When Caesar Finies visited us here on Cape Cod a couple of weeks ago, he filmed a few minutes of Flowstyle from the same view point that I used in my recent video - the nose of the board. We even did some of the same tricks - but that's where the similarities end. His raw footage is much more interesting to watch than my heavily edited video. The remnants of my scientific education prompted me to study the "why" (beyond the obvious answer that he is much better looking). I will present my findings to you in a minute. Let's look at a very short fragment showing Caesar in action first - about 12 seconds. There was too much going on in these 12 seconds, so I added a slow-motion repeat, and annotated it:

Here's a list of the moves:
  • Sail-Body 360
  • Ankle Biter
  • Sail-Body 360 (from leeside sailing)
  • Clew push-through
  • Sail flip and sail duck (Reverse Sail 360)
Interestingly, most of these moves are pretty simple. The exception is the Ankle Biter, which is one of the harder light-wind freestyle moves to learn; but with proper instruction and equipment, an advanced windsurfer can learn the Ankle Biter in a few days. Nevertheless, the sequence is quite amazing.

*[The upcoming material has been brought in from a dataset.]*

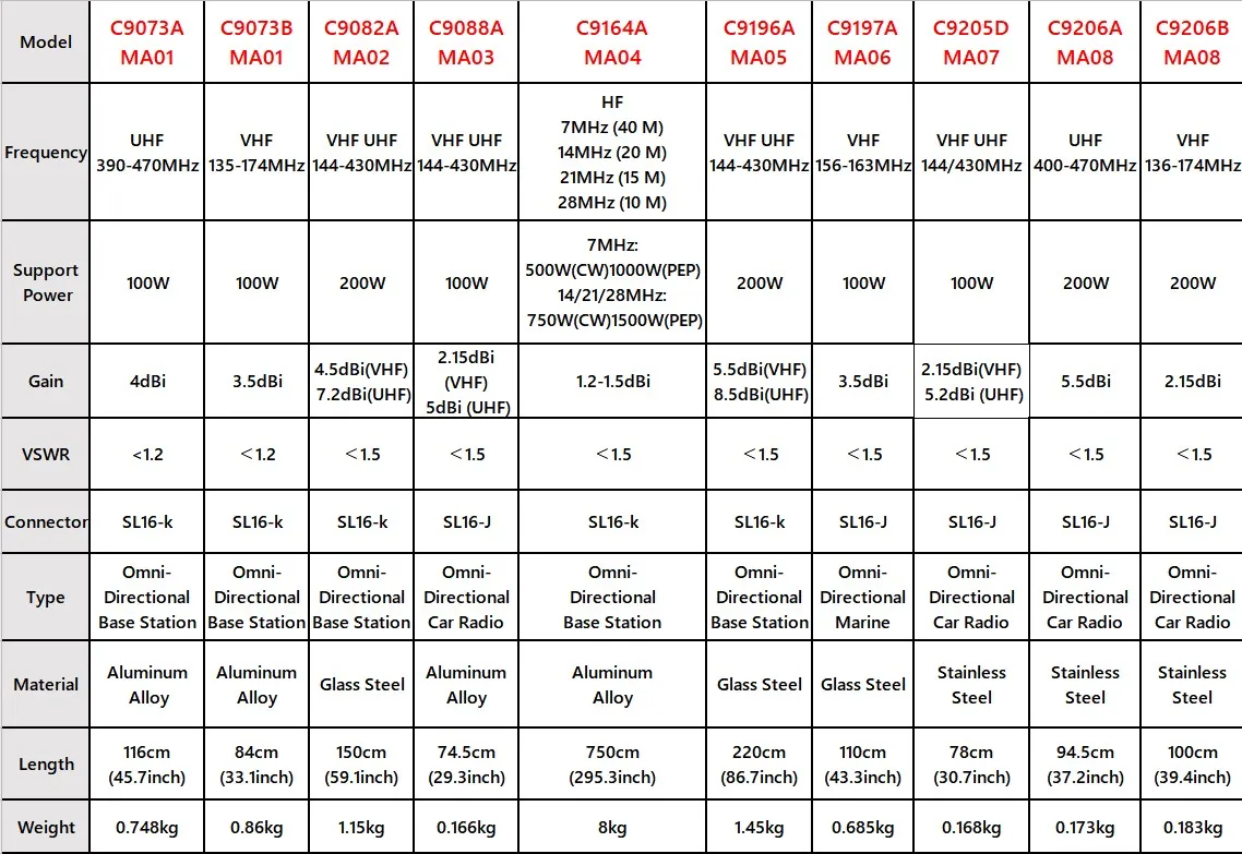 Комбинация магнитного крепления и антенны. Включает 3,9 м/фута RG58 C/U коаксиальный кабель с SL1 6/PL259. Спецификация: Модель: Retevis MR100 Частотный диапазон: 144/430 МГц (136-174 МГц и 400-470 МГц) Импеданс: 50Ω Максимальная мощность: 70 Вт Усиление: 2,15 дБи Тип разъема: SL16/PL259 Тип коаксиального кабеля: RG58 C/U Длина коаксиального кабеля: 3,9 м Высота (магнитное крепление и антенна):479 мм Диаметр шасси: 90 мм/3,54 дюйма Вес (магнитное крепление и антенна):550 г/1,21 фунта |
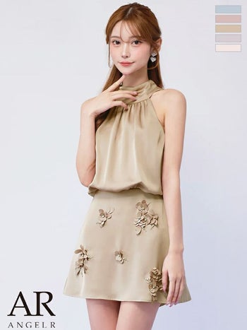 3. 【Angel R/エンジェルアール】サテン ワンカラー ホルターネック リボン ウエストマーク フラワーレース フレアミニドレス (AR26803)

What makes it amazing is that moves flow seamlessly into each other, without breaks in between. They also all go into the same direction, which "enhances the flow". Going back to my video, I started with a similar combo, a Sail 720 into a Sail-Body 360. But in my sequence, the sail rotation was going one direction, the sail-body rotation the other direction, making the sequence much less smooth. 

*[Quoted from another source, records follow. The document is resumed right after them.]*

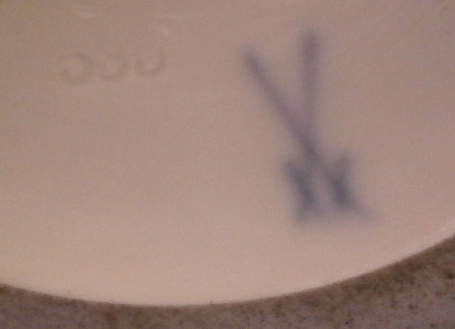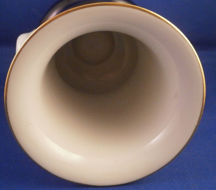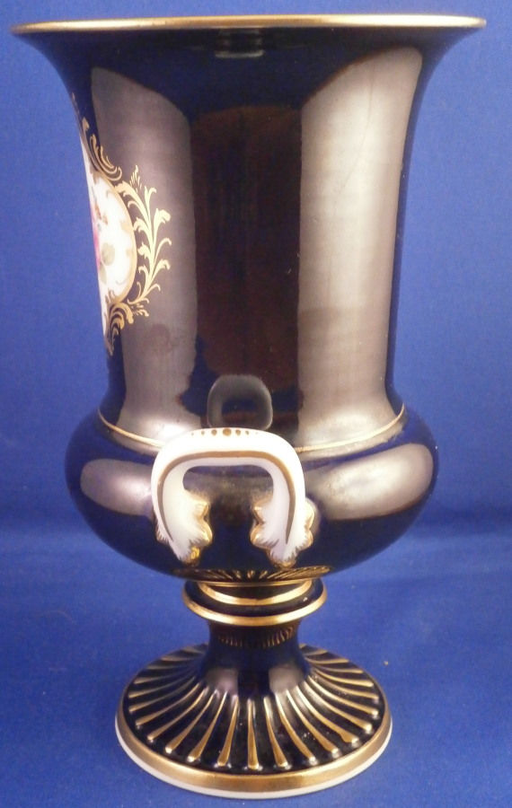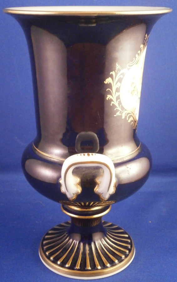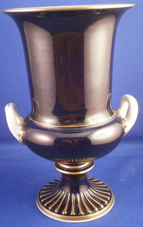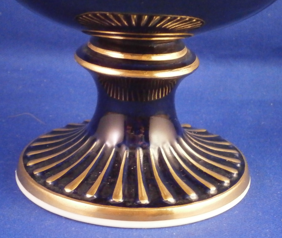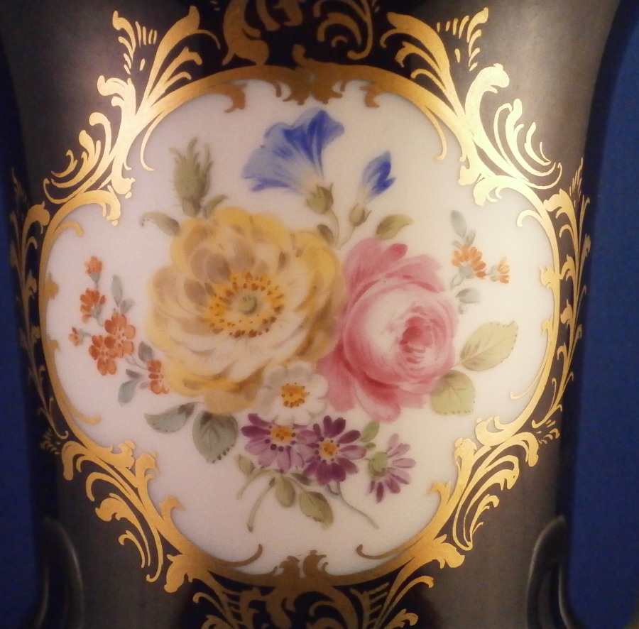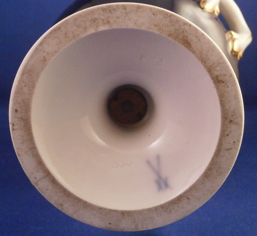 This is a really nice urn or Medici shaped vase made by Meissen in the 20th century. It is hand painted with a nice floral arrangement to the front on white ground surrounded by some fancy gilding with the rest of the vase having that superb deep cobalt blue ground color and a bit more gold trim. A handle to each side with gilding to it make this a very elegant piece! The vase is in great condition. Needs a bit of a cleaning but that is it. It is marked with the under glaze blue crossed swords on the underside as well as the usual other impressed marks as shown. First choice off course. The vase is 7.5 inches tall with a top diameter of 4.5 inches - the handles stick out a bit from there. Please email me for more information or other pictures.
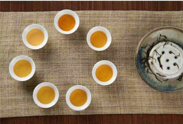 干茶紧结匀整,色泽铁青带褐,较油润。有天然花香,香不强烈,细而含蓄,味醇厚甘爽,喉韵明显,汤色橙黄清明。叶底红亮多嫩茎。
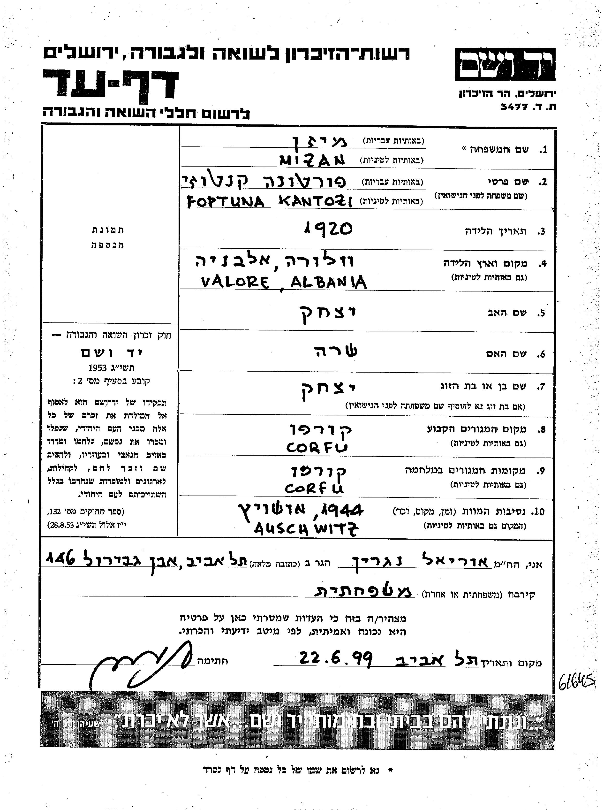 פורטונה מיזן לבית Kantozi נולדה בVlore שבאלבניה בשנת 1920 ליצחק ושרה. לפני מלחמת העולם השניה התגוררה בCorfu שביון. בזמן המלחמה היא היתה בCorfu שביון. פורטונה נרצחה בשואה. מקום המוות: Auschwitz שבפולין בשנת 1944.
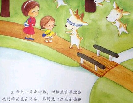 经过一片小树林,树林里有漂漂亮亮的梅花鹿在玩耍。妈妈说:“这里是梅花鹿幼儿园。”
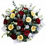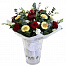 Лизиантус белый, Гербера мини кремовая, Роза микс красная 50 см, Хиперикум, Аспидистра, Эвкалипт Беби Блю, Салал, Фисташка
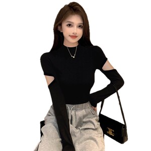 螺纹黑色半高领打底衫女春秋内搭设计感长袖t恤针织紧身短款上衣
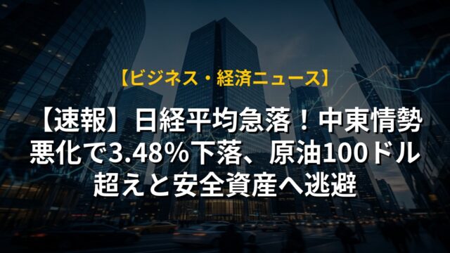 【速報】日経平均急落!中東情勢悪化で3.48%下落、原油100ドル超えと安全資産へ逃避
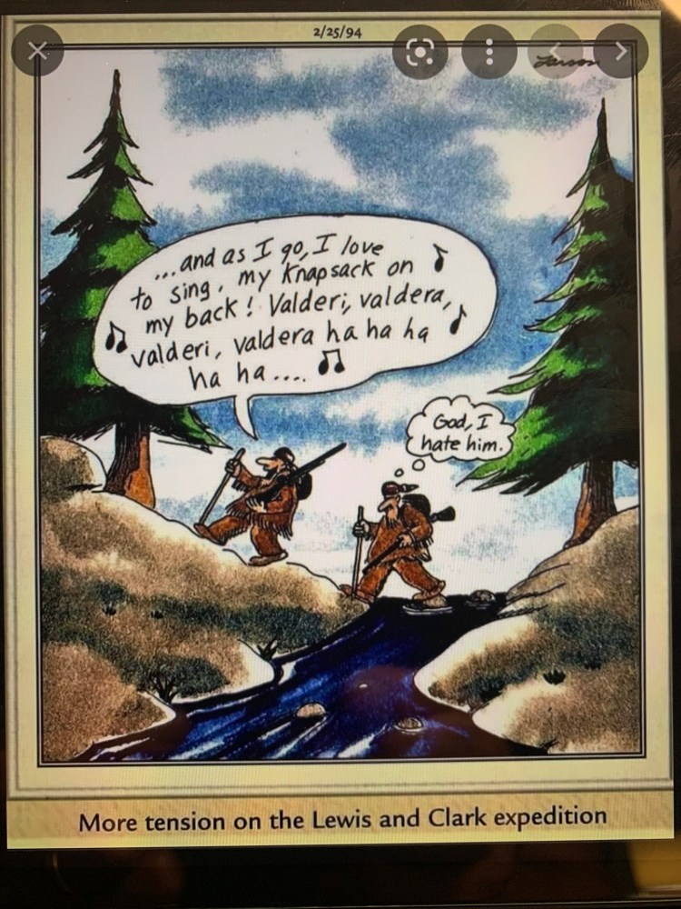 At least tonight, I found a lovely campground on the Missouri, at American Creek in Chamberlain. It’s so easy to meet cool people in a campground. I met Douglas, an English teacher who is taking a motorcycle trip from Oregon to the Pittsburgh area, to give support to his ailing grandparents. He is traveling alone, camping in a hammock, and in many ways we have been having similar experiences. We talked for hours about the people we’ve met, political issues, health issues, and life goals. A favorite book of his is Zen and the Art of Motorcycle Maintenance, and he followed the exact track of the author for part of his journey. Also met Jenna and Jo, physical therapy students from Cincinnati who left this morning are trying to see the western national parks on the way to Seattle. They wisely made reservations at the campgrounds, but are still concerned about traffic, the heat, wildfires, and the drought. They had somehow wedged the lid of their expensive water bottle on too tight to loosen, and sought our help. This triggered an episode of Male Impotent Prowess Syndrome that would have made Click and Clack the Tappet Brothers cackle with delight. We failed, of course, but not before stifled grunts and groans, trying cooking oil, chilling with cold water, and waiting too long to give up. The ladies and the guys were gracious all around, but I wondered if we had been set up, to take us down a notch. Lord knows I needed it.
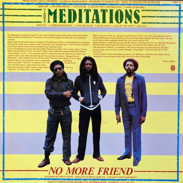 Meditations – No More Friend – Greensleeves (GREL 52) UK 1983 cov : EX / rec : EX price : 15 euros Produced by Linval Thomspon Original UK issue, backed by Roots Radics |
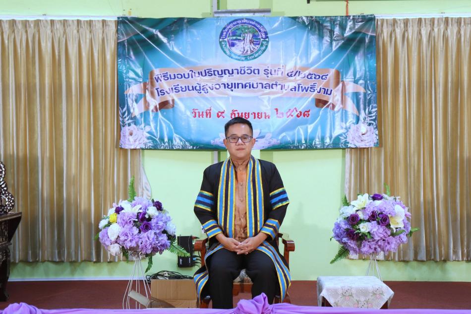 พิธีมอบเกียรติบัตรปริญญาชีวิตแก่นักเรียนโรงเรียนผู้สูงอายุเทศบาลตำบลโพธิ์งาม ประจำปี 2568 [4 กันยายน 2568]

During Caesar's sequence, the board turned through the wind, without any visible effort on his side. One could argue that not having a fin in the board helped him - but sailing the board without a fin is in itself not entire trivial. When I tried, I had to concentrate quite hard to keep the nose from turning into the wind. Having the board turn "automatically" in the middle of a trick sequence not only adds to the magic, but it also sets up for a move repeat (the Sail-Body 360) from a different starting position, which makes the move look quite different.

In summary, here are some of the basic "Flowstyle 101" rules:
  • Keep moving! Flow from one trick into the next without breaks.
  • Keep the direction of flow! If you start going clockwise, add other moves that go the same direction - don't suddenly switch to a counter-clockwise move.
  • Mix the categories! Don't just go through endless series of board 360s, even if you change things like sail or board orientation. Instead, mix board moves, sail moves/throws, and sail-body moves. Two upwind 360s with a sail throw (Ankle Biter or Chacho Throw) in the middle look way cooler than three different upwind 360s in a row.
  • Learn variations of basic moves! After learning the Sail-Body 360, try it going around the other way, and starting from leeside (backwinded) sailing. If you got the Ankle Biter, learn the Clew First Ankle Biter. The same basic principles generally apply, but the moves often look quite different, making your routine much more interesting.